We can display this relationship in a graph. Two quantities that are in direct proportion will always produce a straight-line graph that passes through the origin.
If the constant of proportionality is positive, the graph will have a positive gradient. If the constant is negative, the graph will have a negative gradient.
Example 1
A babysitter’s earnings are directly proportional to the number of hours worked.
If they are paid £9 for each hour of work we can write this as a formula:
\(\text {Earnings = £9} \times \text {hours worked}\)
To plot this we need three points, we can use a table of values to help us:
When hours = 0, earnings = £9 × 0 = £0
When hours = 1, earnings = £9 × 1 = £9
When hours = 2, earnings = £9 × 2 = £18
Giving the points (\({0} \text{,} {~0}\)), (\({1} \text{,} {~9}\)) and (\({2} \text{,} {~18}\)).
Once you’ve plotted these points, draw a line through all three extending it as far as you can.
Example 2
The number of packets of crisps and the total cost are shown in the table.
When we graph these points we see they can be connected together in a straight line:
For every 1 on the \(\text {x}\) axis, the \(\text {y}\) axis increases by 30. This means the gradient of the graph is 30 and the graph can be written as:
\(\text {y = 30 x}\)
Finding relationships from a graph
\(\text {y}\) is directly proportional to \(\text {x}\).
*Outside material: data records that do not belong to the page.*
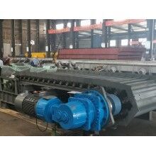 通過分析研究上述問題,結(jié)合國內(nèi)外給料機(jī)使用情況,重新設(shè)計(jì)制作了一臺(tái)新型給料機(jī),主要特點(diǎn)是:采用板式給料機(jī)連續(xù)給料;板式給料機(jī)料板采用雙圓弧、節(jié)點(diǎn)重合的方式,解決了漏料問題;板式給料機(jī)安裝角度為18°,可使物料緩慢分散跌落到皮帶機(jī)上;撥料棍采用逆物料方向旋轉(zhuǎn),以控制物料層的厚度;料斗設(shè)計(jì)采用漸開式,解決了膨料問題;電機(jī)采用變頻控制,可控制出料速度。經(jīng)過三個(gè)多月的的現(xiàn)場使用,證明能夠完成勻料,效果較好。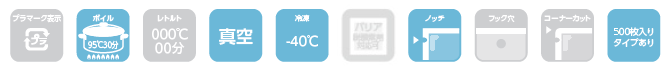 -40℃の冷凍から95℃30分のボイル殺菌が可能です。
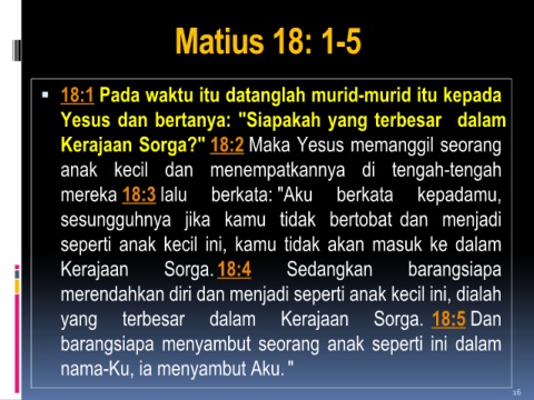 yang terbesar dalam Kerajaan Sorga. 18:5 Dan
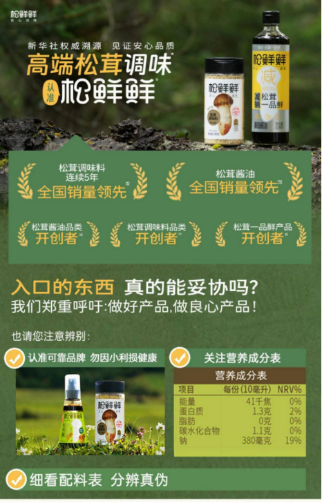 自2020年创立以来,松鲜鲜以家人吃的标准做健康食品,用自然原料,做安心调味让每个家庭吃得健康、安心。全线产品生产过程不额外添加化学提鲜剂、不添加白砂糖和多余添加剂,坚持减钠、控糖、成分自然的健康理念。作为松茸调味料品类开创者,品类主要涵盖松茸调味料、酱油、蚝油、复合调味汁四大类,为中国家庭提供健康且好吃的减钠调味解决方案。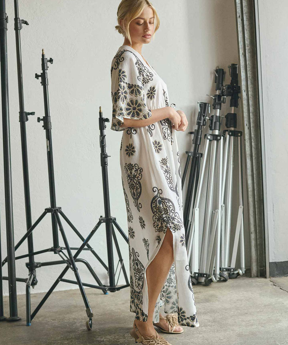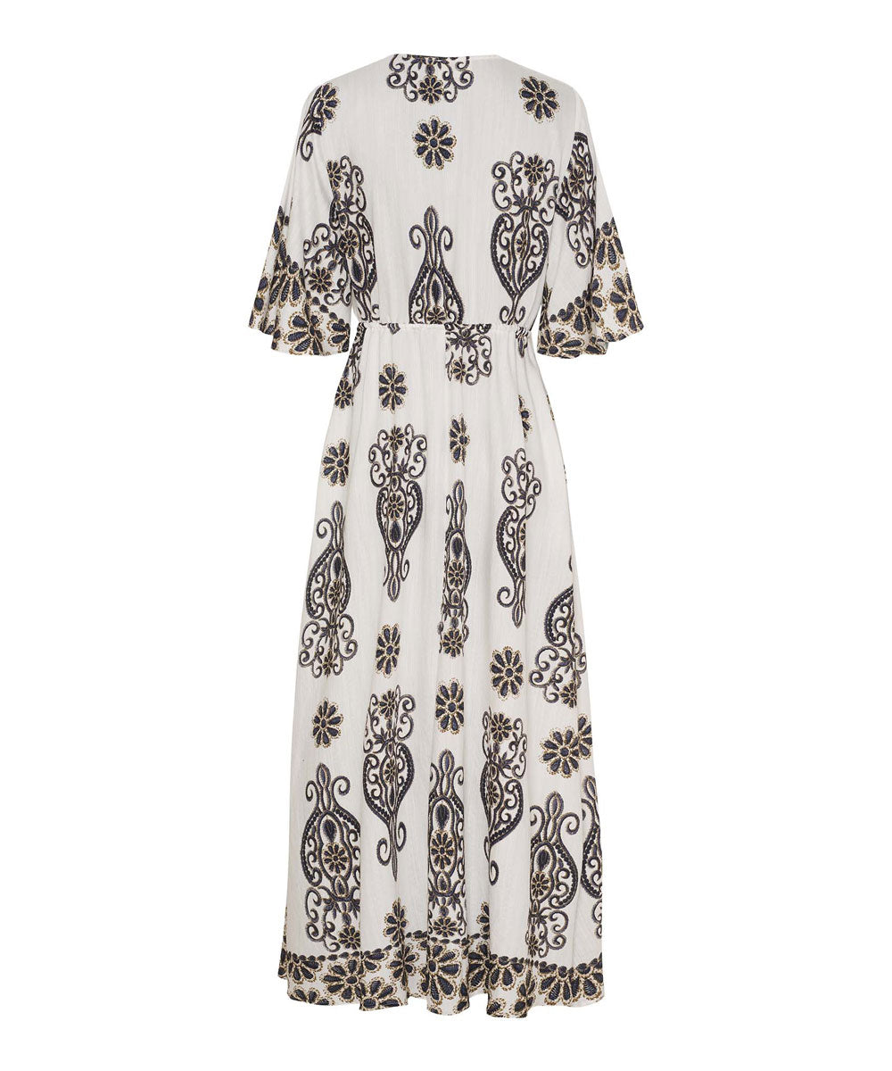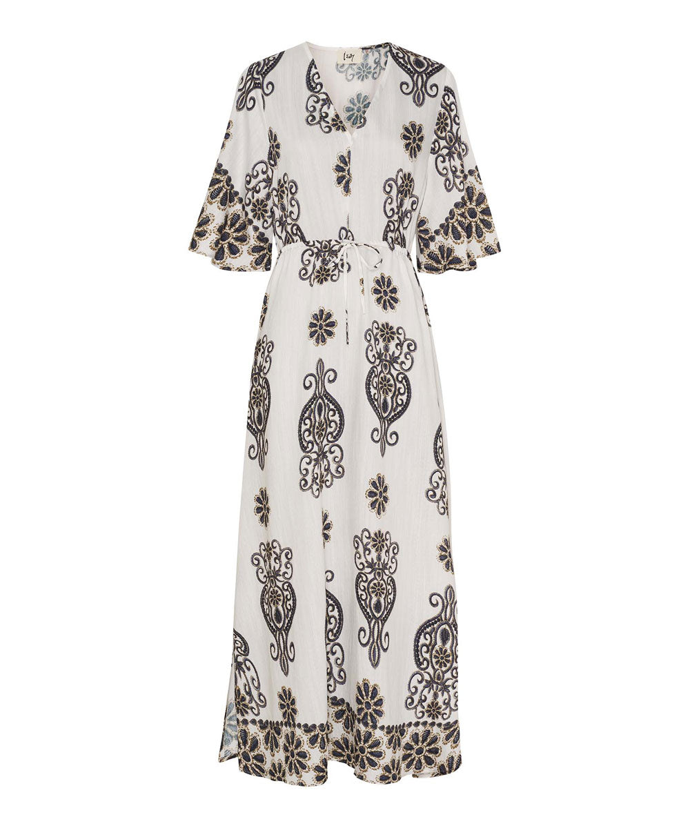 Ane Long är en fin maxiklänning i vitt med svart mönster från Isay. Klänningen har en lätthet både i utseende och rörelse. Den faller mjukt runt kroppen och får en fin längd i silhuetten. V-ringad hals, halvlånga ärmar med spetsdetaljer, knytband i midjan och höga slitsar i sidorna.

From this graph, write an equation to show the relationship between \(\text {x}\) and \(\text {y}\).
When \(\text {x}\) = 2, \(\text {y}\) = 30
\({30} \text{~÷} {~2} = {15}\)
\(\text {y = 15~\times~x}\)
\(\text {y = 15 x}\)
When two quantities are in inverse proportion, as one increases the other decreases.
When we graph this relationship we get a curved graph.
Example
\(\text {y}\) is inversely proportional to \(\text {x}\) and when \(\text {x}\) = 2, \(\text {y}\) = 10
Draw a graph by completing the table of values:
1. As \(\text {y}\) is inversely proportional to \(\text {x}\) we can write:
\(\text {y = k / x}\)
2. Substitute in the known values and rearranging finds the value of \(\text {k}\):
\(\text {10 = k / 2}\)
\(\text {10 \times~2 = k}\)
\(\text {k = 20}\)
3. We can now complete the table of values:
When \(\text {x = 1}\), \(\text {y = 20 / 1} = 20\)
When \(\text {x = 4}\), \(\text {y = 20 / 4} = 5\)
When \(\text {x = 5}\), \(\text {y = 20 / 5} = 4\)
4. We can now plot these points and join them together in a curve.